Also improved the code a bit: added the 'Connection: close' header for
requests over -nopersistent connections, so the server will close the
connection for us.
* added the -ignore_chunk_bug commandline argument to allow pavuk to handle
RFC2616 'chunked' downloads from buggy (IIS) web servers.
( See also:
http://www.subbu.org/weblogs/main/2004/11/persistent_conn.html
http://skrb.org/ietf/http_errata.html#chunk-size
http://www.apps.ietf.org/rfc/rfc2616.html#sec-3.6.1
http://www.jmarshall.com/easy/http/
)
2007-may/june
* recompiled in 64-bit Linux (SuSe 10.2) and fixed a few items in the
Makefile.am, configure.in and ac-config.h.in files.
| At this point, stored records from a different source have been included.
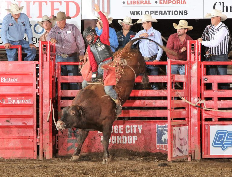 Dustin Boquet rides Frontier Rodeo’s Gladiator’s Hammer for 91.5 points during Sunday’s championship round of the Dodge City Roundup Rodeo to win the bull riding title. / David Seymore
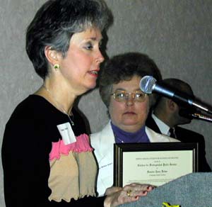 (left) and Jane Knox, daughters of Sen. Jesse Helms, accepted
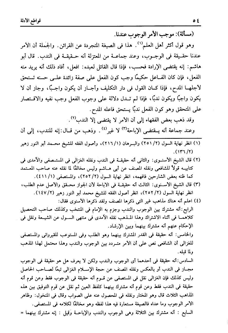 الرابع أنه مشترك بين الوجوب والندب وجزم به الإمام في المنتخب وكذلك صاحب التحصيل كلاهما في أثناء الاشتراك وهذا المذهب نقله الآمدي في منتهى السول عن الشيعة ونقل في الإحكام عنهم أنه مشترك بينهما وبين الإرشاد.
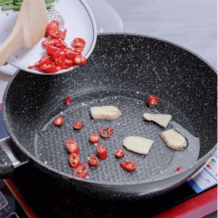 Új 20-28 Cm-Es Tapadás Nélküli Serpenyőben Lévő Orvosi Kőből Származó Séf Pánik Edényei Fedezetével/Anélkül, Hogy A Gáz-
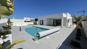 Virkilega fallegt og vandað einbýlishús í Rojales. Húsið er á einni hæð og er 120m2 og stendur á 426m2 lóð. Það samanstendur af 3 svefnherbergjum, 2 baðherbergjum, opnu eldhúsi og rúmgóðri stofu/borðstofu. Útisvæðið er virkilega rúmgott en í garðinum er einkasundlaug. Úðakerfi er í garðinum og sólarsella. Í baðherbergjum er gólfhiti.
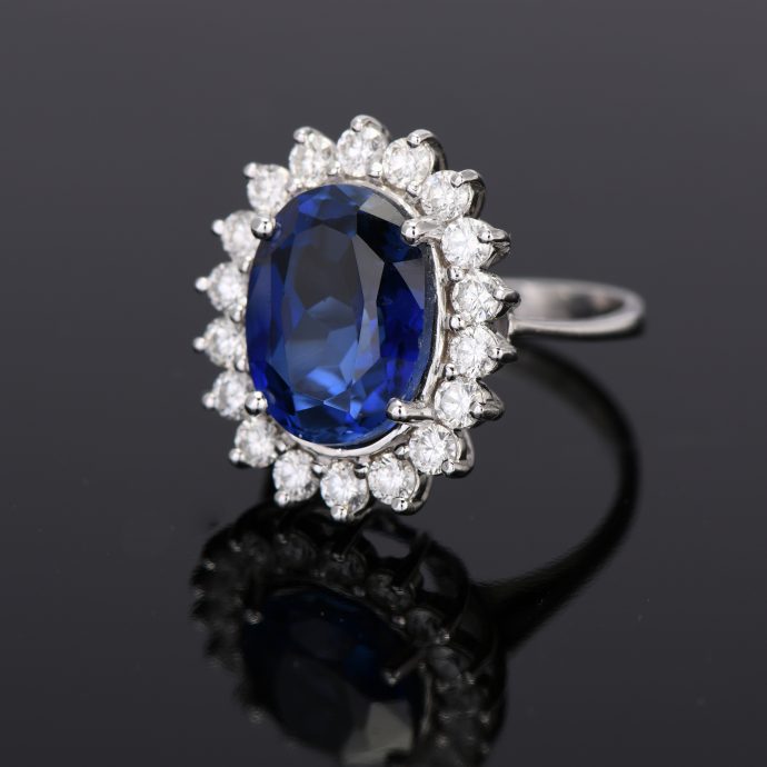 Сапфир, глубокого синего цвета, окруженный россыпью переливающихся бриллиантов, пожалуй, это самое известное помолвочное кольцо в мире, вошедшее в историю ювелирного искусства.
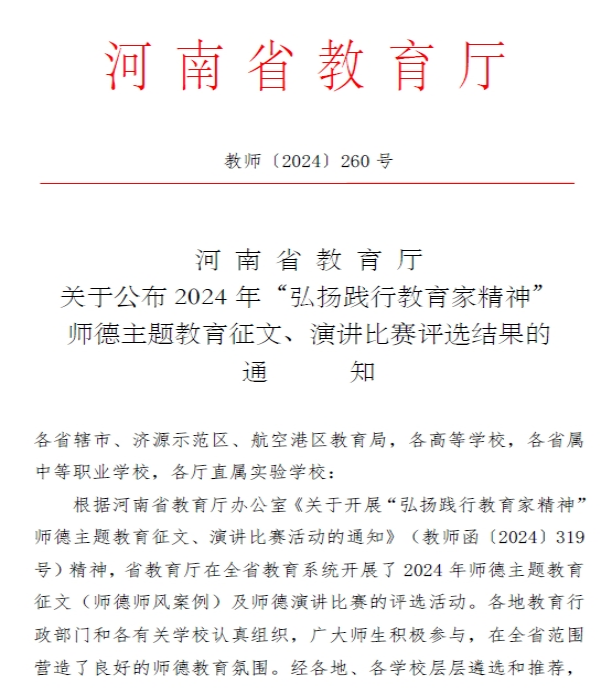 近日,河南省教育厅2024年“弘扬践行教育家精神”师德主题教育征文、演讲比赛评选结果公布,金年会教师在征文活动中再获佳绩,斩获一等奖1项、二等奖1项、三等奖2项。
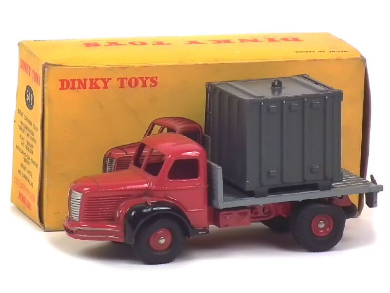 DINKY TOYS (FRANCE) 34B BERLIET Plateau avec container (version avec anneau moulé) rouge, plateau gris clair
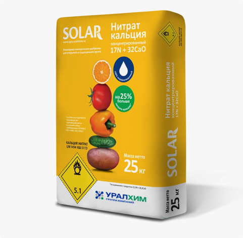 Применение нитрата кальция способствует повышению устойчивости растений к стрессовым факторам среды, улучшает качество плодов и увеличивает срок их хранения. Наличие кальция в доступной форме необходимо в течение всей вегетации, т.к. данный элемент не перераспределяется внутри растений. В открытом грунте кальциевая селитра - отличное решение для кислых почв.
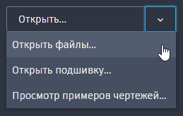 - Чтобы отобразить дополнительные параметры для открытия подшивок или демонстрационных чертежей, нажмите стрелку вниз.
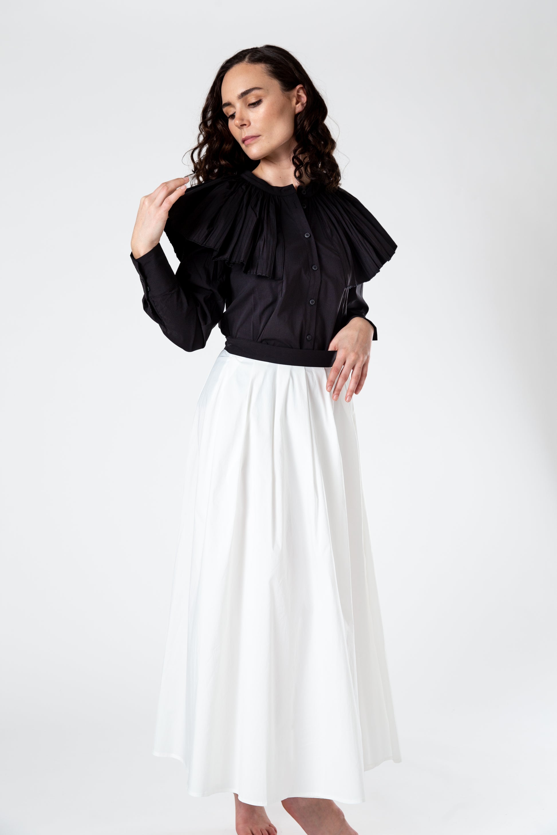 The Waistband Skirt features voluminous fine cotton, a contrasting waistband with delicate matte button details.
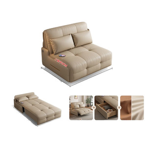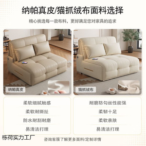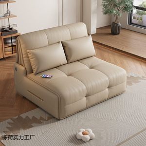 真皮电动沙发床多功能客厅小户型卧室可折叠伸缩沙发加装储物箱
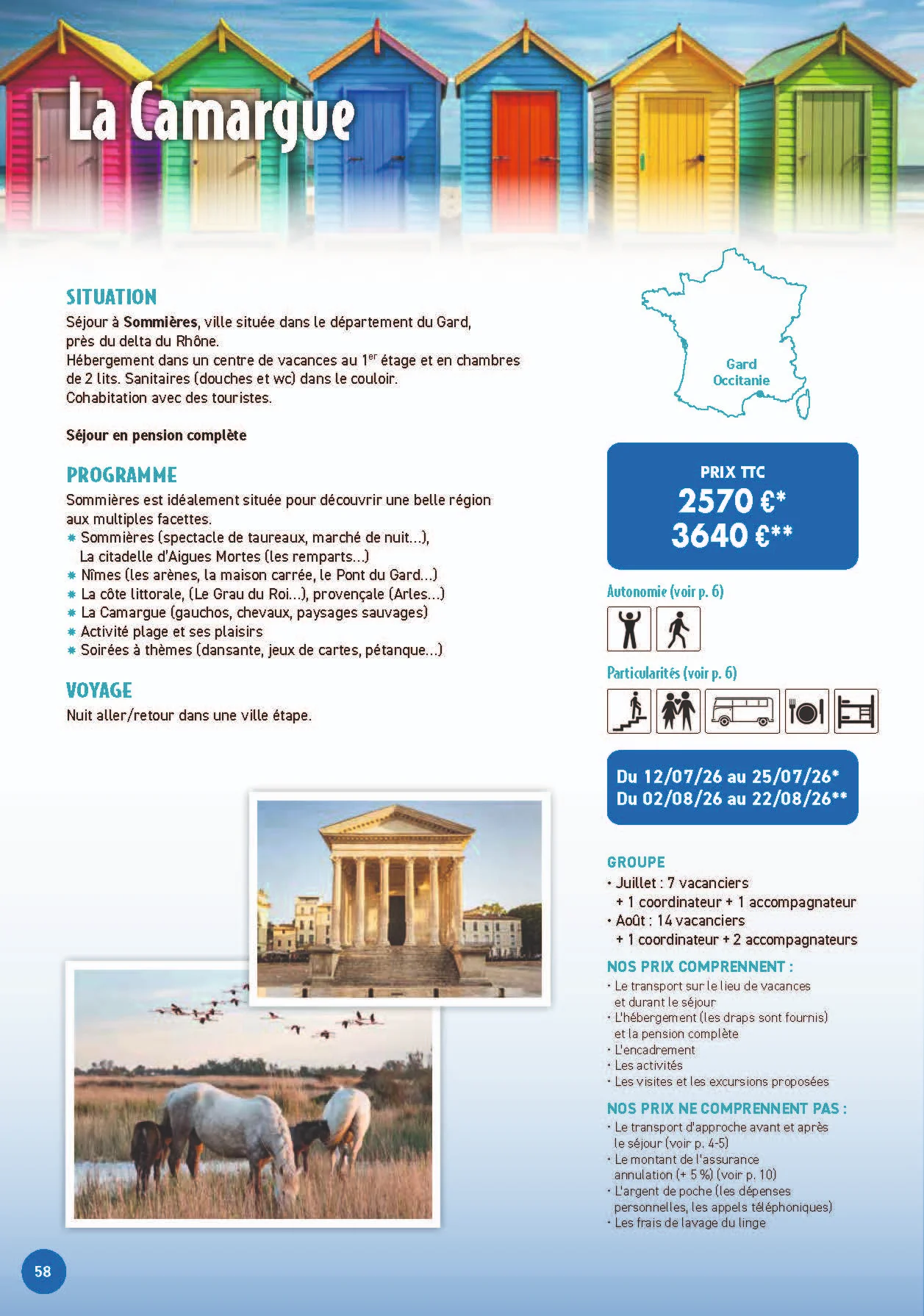 | LA CAMARGUE | ->2570 €* (Du 12/07/26 au 25/07/26*) ->3640 €** (Du 02/08/26 au 22/08/26**) |
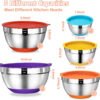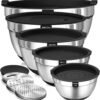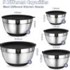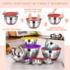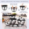 - Cuencos de anidación y aptos para lavavajillas: estos tazones de cocina se pueden anidar juntos y ofrecer un almacenamiento eficiente en espacios ordenados armarios de cocina. El interior de espejo hace que la limpieza sea muy fácil. Este juego de cuencos para mezclar también es apto para lavavajillas, simplemente colócalo en el lavavajillas después de su uso, y obtendrás un nuevo juego de tazones. Pero preste atención a que es mejor lavar las tapas a mano, ya que el calor del lavavajillas puede deformarlas
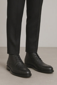 The smooth black finish enhances the natural quill pattern, while the ankle-length design ensures a tailored fit and contemporary appeal. Built with durability and comfort in mind, these boots feature a cushioned insole, leather lining, and a sturdy outsole — making them a lasting investment in both style and function.
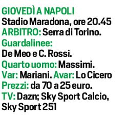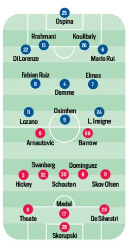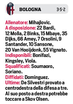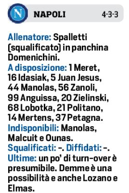 Giovedì sera al “Maradona”, fischio d’inizio ore 20,45, il Napoli, una delle due capolista, affronterà il Bologna, per la decima giornata di campionato. Pochi cambi per mister Spalletti, squalificato contro i felsinei, al suo posto Domenichini. Demme in vantaggio rispetto ad Anguissa, Elmas per Zielinski e Lozano in luogo di Politano. Per i rossoblu invece assenti per squalifica Soumoro e Soriano. Probabile la difesa a tre, con De Silvestri a destra. Centrocampo a cinque con Svamberg e Dominquez alle spalle del duo Arnautovic-Barrow.
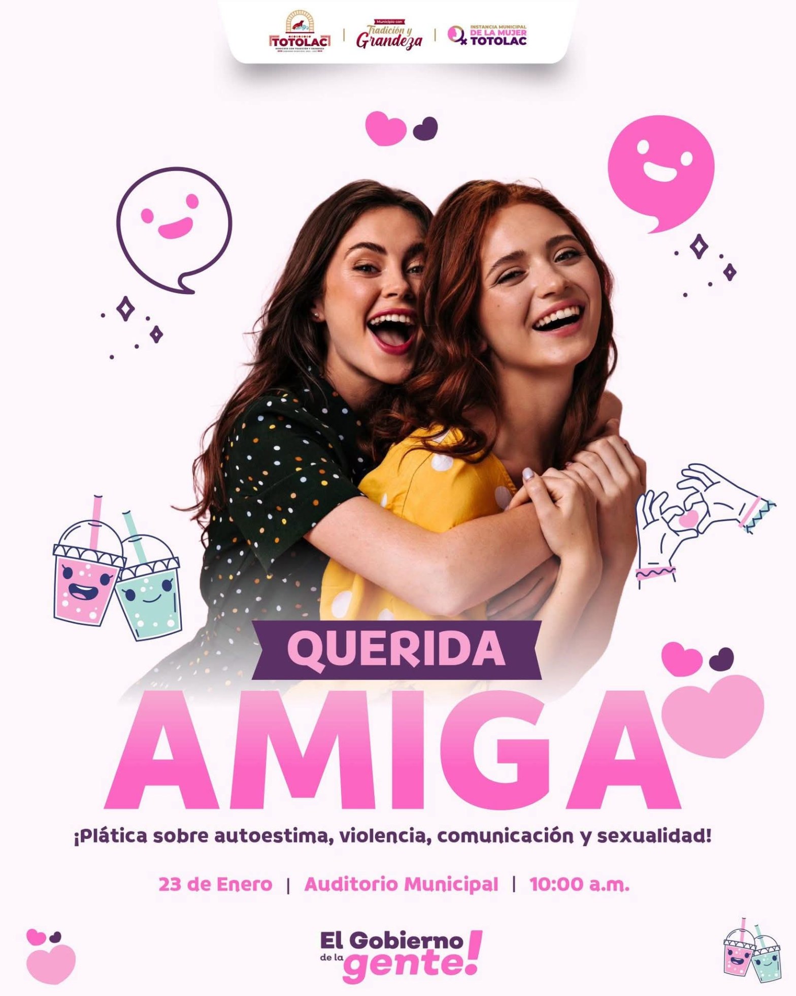 El Gobierno Municipal de Totolac 24-27 a través de la Instancia de la Mujer Totolac te invita a participar en la plática sobre autoestima, violencia, comunicación y sexualidad denominada «Querida amiga».
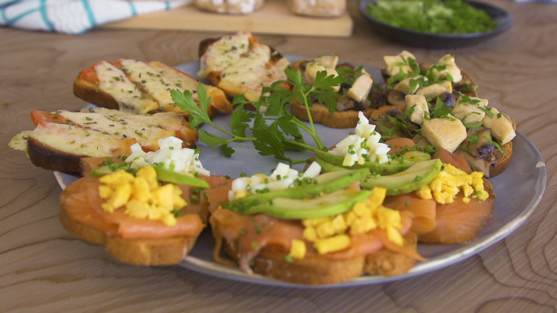 Com esta receita poderá preparar 3 variedades de tostas para entradas ou para petiscar num fim de tarde.
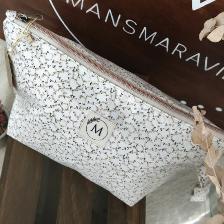 Diseñado con una cremallera resistente y un asa lateral para facilitar su transporte, este neceser es tan práctico como elegante. Su interior completamente forrado asegura que todos tus accesorios y herramientas de tejido estén siempre protegidos y en su lugar.
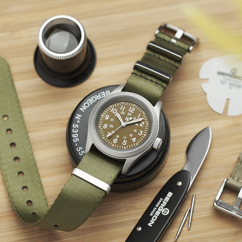 NMK09 Automatic Field Watch: Khaki with Sapphire Crystal on NATO Strap
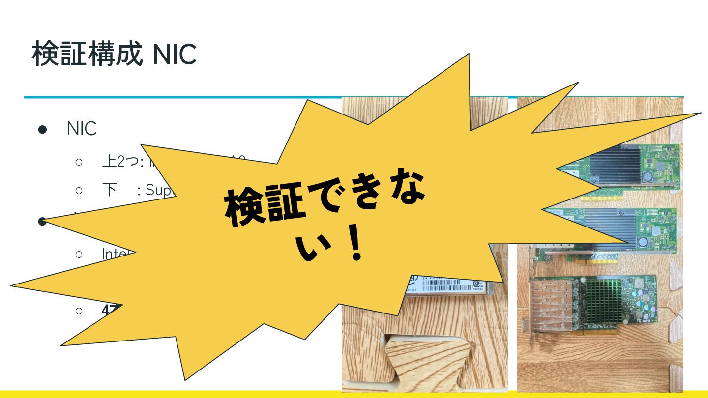 AOC-STG-i4S • トランシーバ ◦ Intel Ethernet SFP+ SR ◦ 全二重1Gbしか対応してない ◦ 4本しかない 検証構成 NIC 検証できな い!
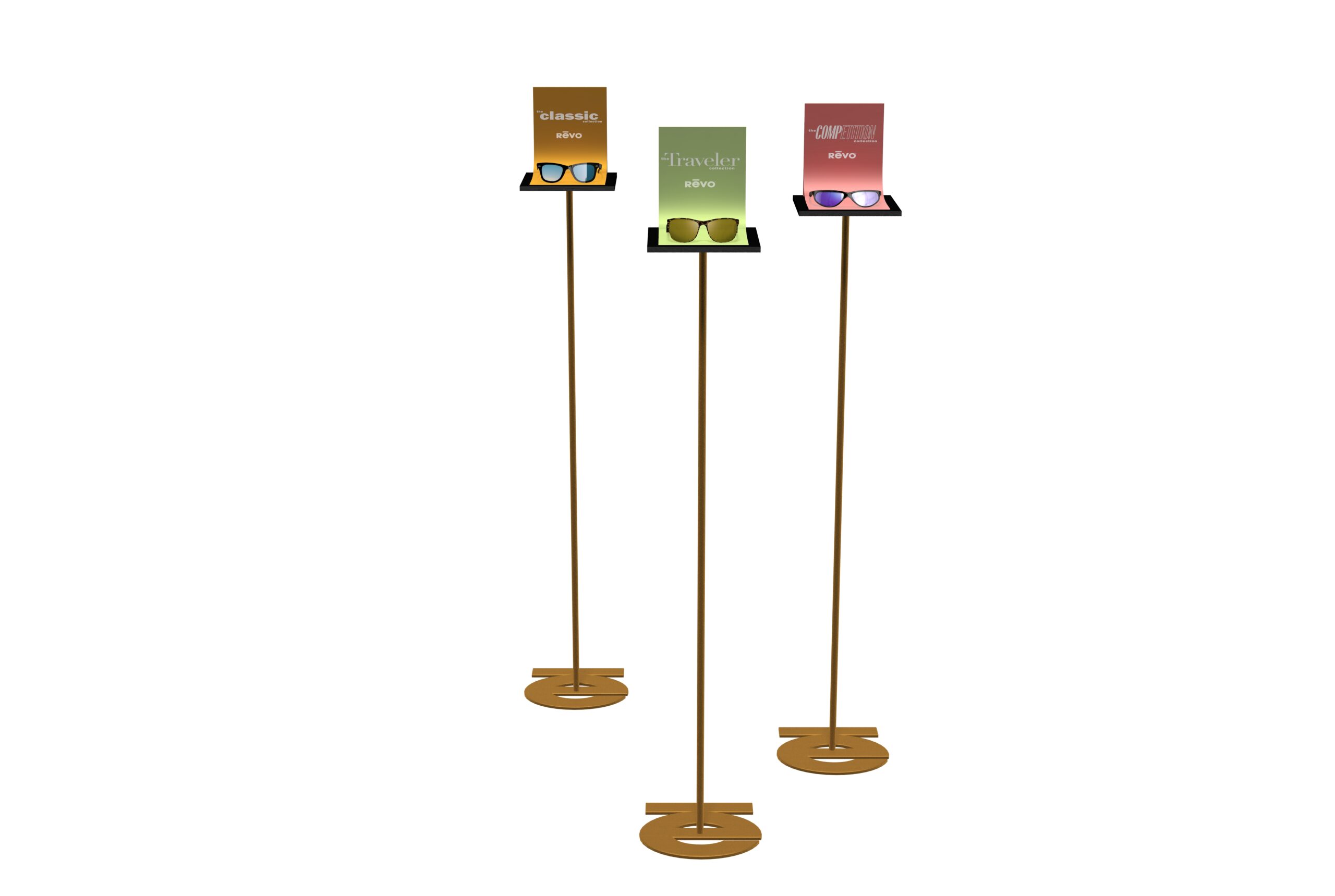 An opportunity to bring the product out of display cases and onto other areas of a shop: the e-stands are case metal “ē” logo and sunglasses tethered to changeable cards.
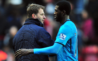 شيروود يهنئ لاعبه أديبايور بعد الفوز على ساوثمبتون. أ.ف.ب
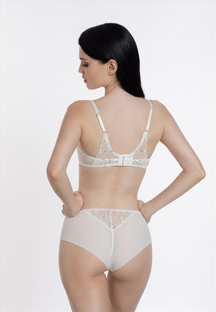 Трусы-бразилиана со средней линией талии. Передняя деталь: сочетание жаккарда и вышивки на сетке. Задняя деталь: двойная сетка в подворот.
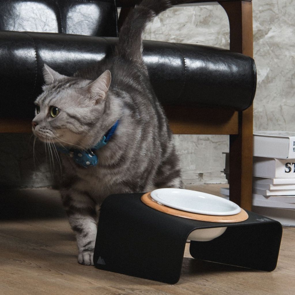[福利品] METALION好食(S) 金屬寵物食器台 玄武黑
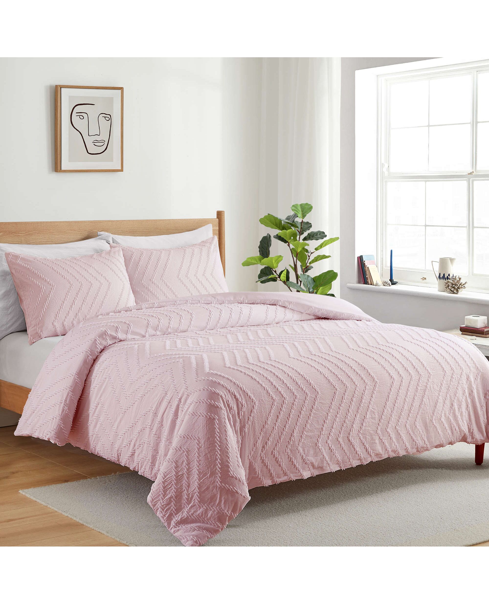 Fabric Made using 100% premium poly, the dreamy bedding duvet set is lightweight and durable. Clipped Jacquard construction offers a sumptuous sprinkle of softness and exceptional comfort into your space. Product Dimensions Twin - Duvet cover - 68 in x 90 in | Pillowcase - 20 in x 26 in Full/Queen - Duvet cover - 90 in x 90 in | Pillowcase - 20 in x 26 in King - Duvet cover - 90 in x 106 in | Pillowcase - 20 in x 36 in Twin size includes one duvet cover and one pillowcase. Full/Queen and King sizes include one duvet cover and two pillowcases. Versatility / How to Use Layer this beautiful duvet cover set with our set of solid color pillows, evoking an atmosphere of luxe and modern design into your bedroom space. Care Instructions This duvet cover set is machine washable, making it easy to maintain.
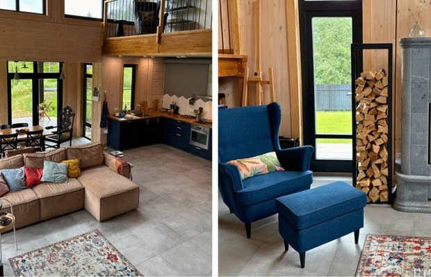 Дизайн: Елена Доброчинская Первый этаж отвели под просторную общую территорию кухни-гостиной со вторым светом и настоящим камином. Также здесь есть сухая сауна и гостевой санузел. На втором этаже — три спальни, кабинет и еще один санузел. Кухню обустроили в нише. Это стандартный гарнитур из готовых модулей с большим количеством мест для хранения. Фишкой стал фартук из белой плитки кабанчик в раскладке «елочка». Узор смотрится нетривиально и выступает
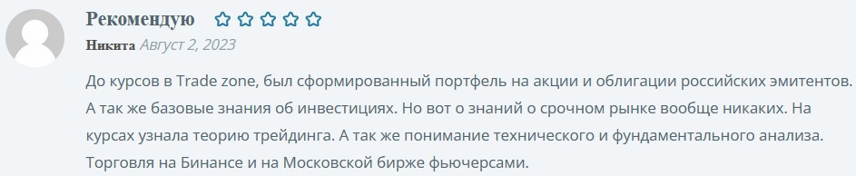 В интернете немало отзывов о трейдере из Ютуба Артеме Назарове и его платформе Трейд Зон, чаще они отрицательные. Ученики утверждают, что качество материалов низкое, а информация просто взята из публичных источников.
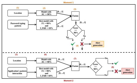 - Step 7: Fuse the AC, for the location pattern, with the F1 Score, for the pattern interaction with the application post-login activity, using the simple arithmetic mean;

Also added the tests\
and www\ directories to the distro.
* fixed a few 64-bit compile warnings; at least the test cases in tests\
perform OK now on a 64-bit Linux system.
* updated the man page a bit; still a lot more to do. Where is that 'nroff
for dummies' cheatsheet when you need it? ;-(
* listed -use_http11 as 'on' by default now.
* moved MODE_MIRROR unescape code section up in url.c to line 1682 in
url_get_local_name_real() as this code would otherwise have no effect at
all in any environment where the '%' percent character is included in the
FS_UNSAFE_CHARACTERS charset (for example: Win32).
* PARAM_DOUBLE default values are now fixed point values in 'long' integer
format; the current values in the program (all 0.0) are clearly within
range _and_ it 'saves' on compiler warnings quite a bit. (We've still some
way to go before we get anywhere near a '[almost-]zero-warning cross
platform portable build: few int to pointer and vice versa casts remain.)
* fixed bug in cfg_get_num_params() which would access uninitialized memory
out there in NirvanaLand when a PARAM_UNSUPPORTED option was passed to
pavuk.
* Fixed configure.in to include 'debug' build handling for KDevelop (which
would pass '--enable-debug=full' to ./configure).
* updated the configure.in script to increase portability (opendir/closedir:
dirent.h et al)
* included a few aufoconf macros in the m4 directory for easier/proper
portability support using autoconf et al.
* bugs fixed from BUGS list: multithreaded mode is not as stable as single
threaded (fixed at least for the CLI version of pavuk; the GTK GUI version
is in a rather bad shape)
* bugs fixed from BUGS list: signal handling / timeout does not really work
(at least not in multi threaded downloads). After a SIGINT pavuk just
hangs.) This has also been fixed for the CLI version of pavuk at least.
* Win32 port now includes JavaScript support (using the statically linked
Mozilla js library).
* fixed short option definitions in options.h: -tp / -tsp et al
* 'fixed' GUI for Javascript enabled builds (GTK2) - WARNING: it compiles
now, but has NOT been tested, so expect bugs here!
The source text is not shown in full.